▶ _Problem to solve_: The answer should match the entries below word for word, minus their pictures.

▶ _Records for this task_:
_ _ _ _ _

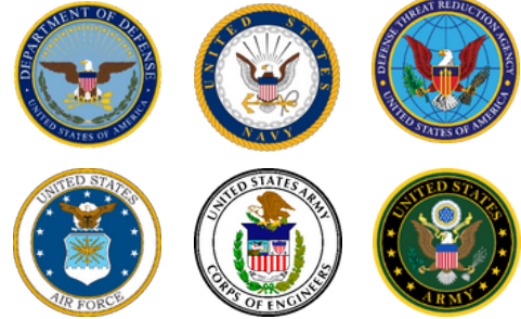
(A Representative Sampling)

VIRSIG is a global solutions provider. Our solutions are tailored to meet your unique needs and keep you focused on your mission. We offer a wide range of services including technology solutions , professional services , construction , and specialty procurement to provide comprehensive solutions, so you can focus on what matters most.
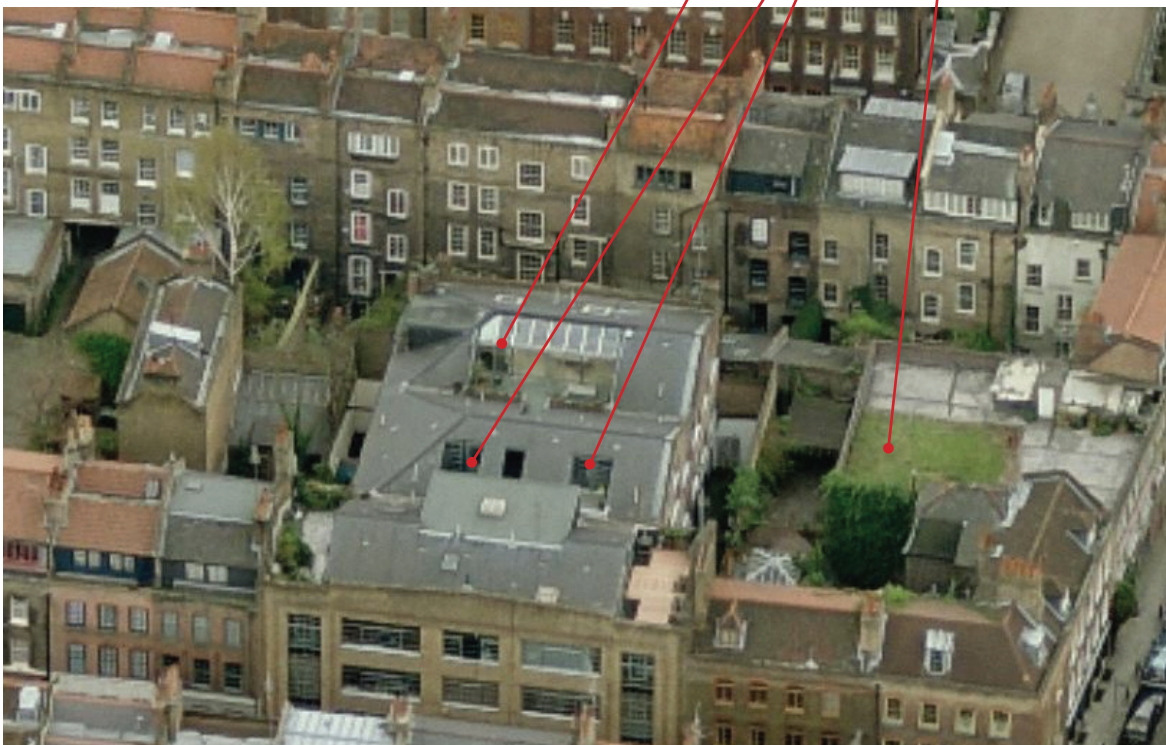
Figure 3: 6-10 Princelet Street viewed from the north
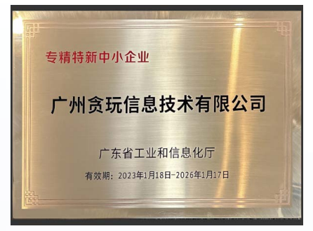
Specialized, High-end and Innovationdriven Small and Medium Enterprises
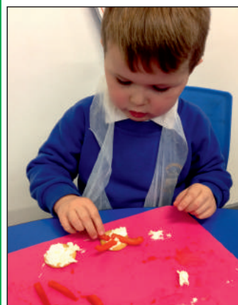
At Worthington children made cracker spiders during Super Hero Week. The children really enjoy food orientated
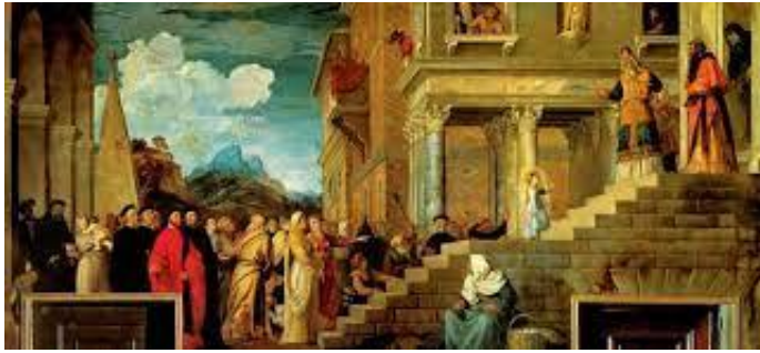
Titian, The Presentation of the Virgin at the Temple , 1534–1538, Gallery of the Academy of Florence
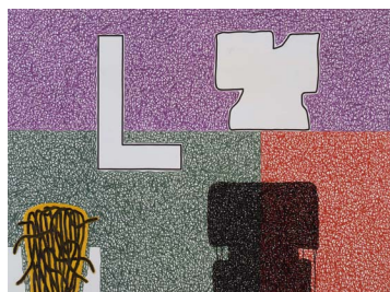
Jonathan Lasker Drawing Blanks 2009
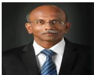
The SARCHITNIS Hon. Adv. Nitin Baburao Thakare
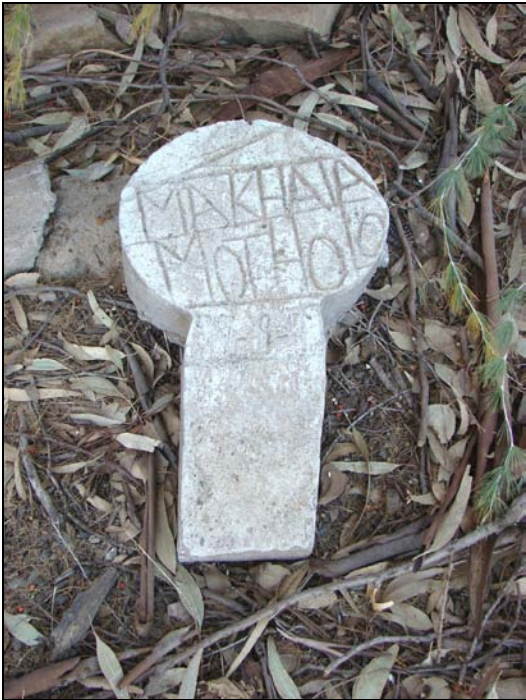
Fig.5 Grave of Makhata Motholo at Waagstuk 136, Heilbron.
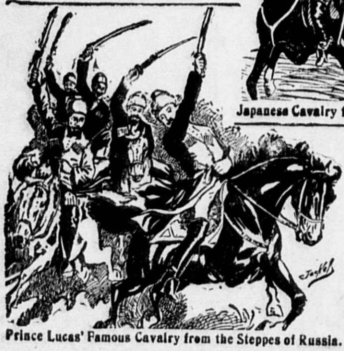
Prince Lucas' Famous Cavalry from the Steppes of Russia.

AQUINALDO'S VETERANS FROM THE PHILIPPINES.
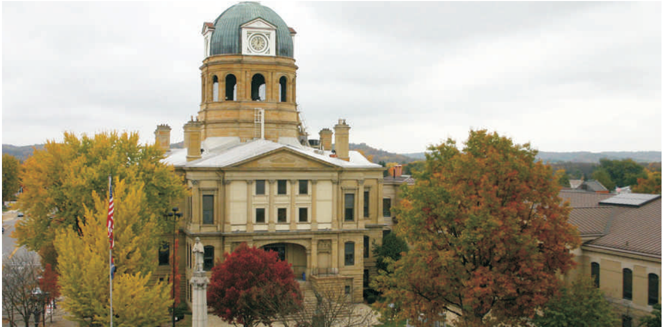
Tuscarawas County Courthouse, New Philadelphia
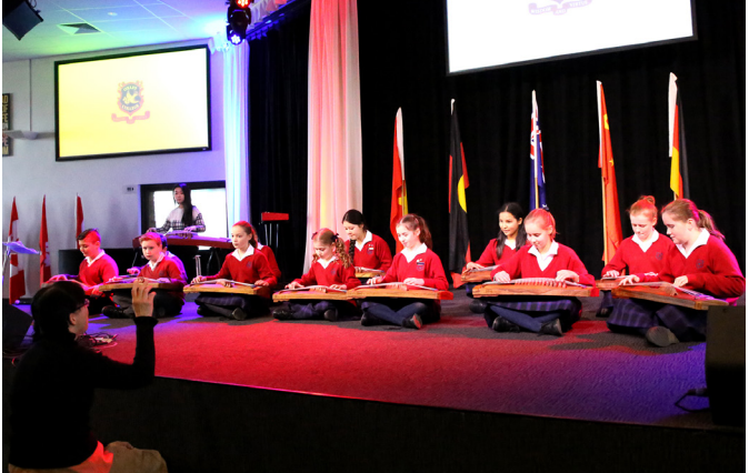
Chinese Horizons class performing on the Guzheng

_ _ _ _ _

▶ _Exercise result_:
(A Representative Sampling)

VIRSIG is a global solutions provider. Our solutions are tailored to meet your unique needs and keep you focused on your mission. We offer a wide range of services including technology solutions , professional services , construction , and specialty procurement to provide comprehensive solutions, so you can focus on what matters most.
Figure 3: 6-10 Princelet Street viewed from the north
Specialized, High-end and Innovationdriven Small and Medium Enterprises
At Worthington children made cracker spiders during Super Hero Week. The children really enjoy food orientated
Titian, The Presentation of the Virgin at the Temple , 1534–1538, Gallery of the Academy of Florence
Jonathan Lasker Drawing Blanks 2009
The SARCHITNIS Hon. Adv. Nitin Baburao Thakare
Fig.5 Grave of Makhata Motholo at Waagstuk 136, Heilbron.
Prince Lucas' Famous Cavalry from the Steppes of Russia.

AQUINALDO'S VETERANS FROM THE PHILIPPINES.
Tuscarawas County Courthouse, New Philadelphia
Chinese Horizons class performing on the Guzheng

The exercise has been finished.